AtsomepointduringtheMiddleAgesscribeschangedthestandardpractice

ofrunningwordstogether and began separating them with spaces–with unforeseeable consequences. That’s the thesis of a new book, Space Between Words: The Origins of Silent Reading, by Paul Saenger, curator of rare books at the Newberry Library. “I was fascinated with the late medieval world and why it was so different from the early medieval world,” says Saenger, who has a PhD in Renaissance history from the University of Chicago. “I came to the conclusion it was, in part, because of the accessibility of books–which had nothing to do with printing. These changes in the page long predated printing. You begin to wonder, when did this happen? Yet nobody knew.”

Prior to the Roman Empire most Mediterranean languages were written with word spaces, but that changed when the Greeks introduced vowels to the Phoenician alphabet. “The Romans were intoxicated by Greek culture,” says Saenger. “They wanted to have books that looked more Greek, so they developed scripts that looked vaguely more Greek and a page that looked Greek, without any spaces.” Reading at the time was done aloud, largely by Roman slaves; later that task fell to church priests.

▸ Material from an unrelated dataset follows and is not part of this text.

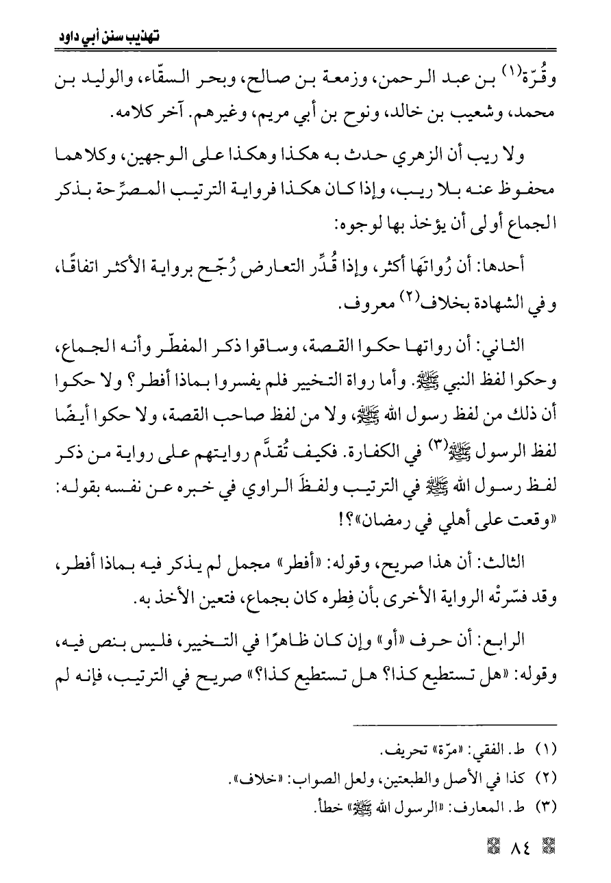 ولا ريب أن الزهري حدث به هكذا وهكذا على الوجهين، وكلاهما محفوظ عنه بلا ريب، وإذا كان هكذا فرواية الترتيب المصرِّحة بذكر الجماع أولى أن يؤخذ بها لوجوه:
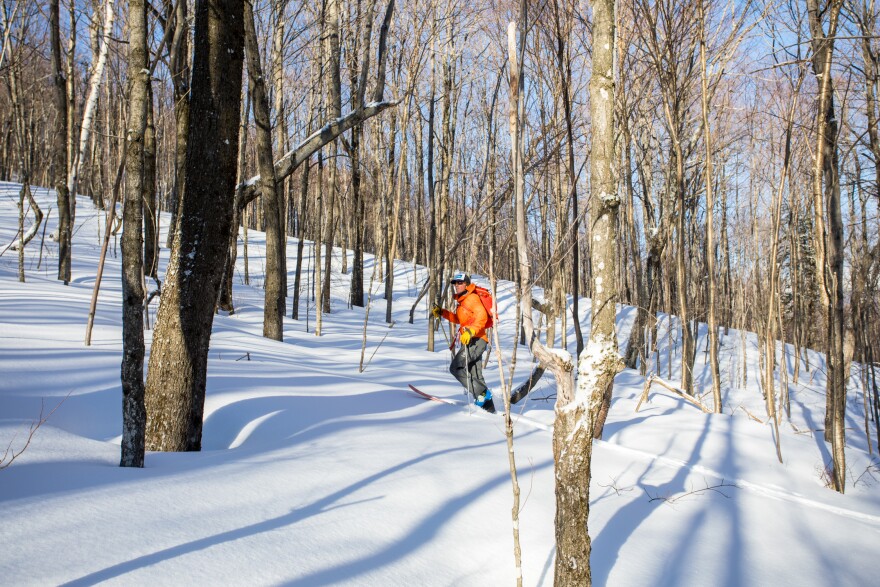 Granite Backcountry Association Chief Tyler Ray skins through a new zone the GBA pitched as a glade project to the WMNF. The effort failed due to presence of lynx habitat.

Saenger pored over medieval parchments, trying to see when spaces between words began to appear. “There is no Latin word that unambiguously means ‘word,'” he says. “The vocabulary for the word only comes out of the Irish and Anglo-Saxon experience in the eighth century. Ireland was beyond the limits of the old empire–there was no indigenous Roman culture. Monks there found Latin to be a very strange language.” Those monks composed grammars for teaching Latin and transcribing ancient texts, and sometimes they scribbled remarks in their vernacular Celtic in the margins–the words separated in an irregular, informal fashion. They may also have followed the practice of separating words that they found in Syriac texts. At any rate, the first Latin texts in which Saenger found consistently separated words were written by Irish monks, and he believes the practice spread from Ireland to the rest of Europe.

Separating words with spaces made texts much easier to read, which allowed individuals to read silently and on their own. It also seems to have enabled authors to be less ambiguous, to express complexity better, to make subtler distinctions–and that permitted a blossoming of writing that went beyond the standard slavish copying of liturgy. Saenger says that scientific texts in Arabic began to be widely translated. Mathematical and musical notation advanced measurably. Calendars of holy days could be calculated faster. Reference books became feasible. By the 12th century there arose “the possibility of a new intimacy linking author, text, and reader.” And in the 13th, “an explosion in the quantity of logical writings.”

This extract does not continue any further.